Fiddlesticks! Foiled again!

*snaps fingers*


----------



## Valandil (Jan 17, 2005)

Turgon said:


> ...Was Narsil originally forged for the use of a dwarf-lord? His other two famous works, Angrist and the Dragon Helm of Dor-Lomin were both entirely suited to one of short stature - but the blade of Elendil the Tall? Thorin we know wielded Orcrist with little trouble (another blade whose origins I would love to know!) but when he breaks out of Erebor during the Battle of Five Armies he has laid aside his long blade and taken up the axe once more.
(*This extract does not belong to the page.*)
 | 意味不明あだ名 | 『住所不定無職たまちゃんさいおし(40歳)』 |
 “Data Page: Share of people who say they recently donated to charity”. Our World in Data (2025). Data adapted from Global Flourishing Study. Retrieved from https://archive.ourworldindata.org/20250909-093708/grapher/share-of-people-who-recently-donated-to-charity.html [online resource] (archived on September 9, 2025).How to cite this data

Suggests to me that the longsword was not a weapon of choice for a dwarf...



Perhaps Thorin was an adherent of the old 'Hagar the Horrible' motto:

"Sword for show,
Broadaxe for dough!"

OTOH, perhaps Thorin would have survived the Battle of Five Armies with Orcrist in his hands instead of an axe. And maybe those silly dwarves thought a battleaxe too valuable to bury with him, so they tossed the Elven sword in there!  
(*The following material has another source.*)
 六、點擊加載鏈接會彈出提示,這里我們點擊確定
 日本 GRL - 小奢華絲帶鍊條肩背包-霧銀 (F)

As to the other, since Nogrod was along the Ered Luin (right??) might it have survived the tumult at the end of the First Age, and Narsil have come into the hands of Gil-galad, who lived right down the way in the Second Age? Then maybe HE gave it to Elendil - perhaps in conferring those lands in Eriador upon him, as they had been nominally under his jurisdiction.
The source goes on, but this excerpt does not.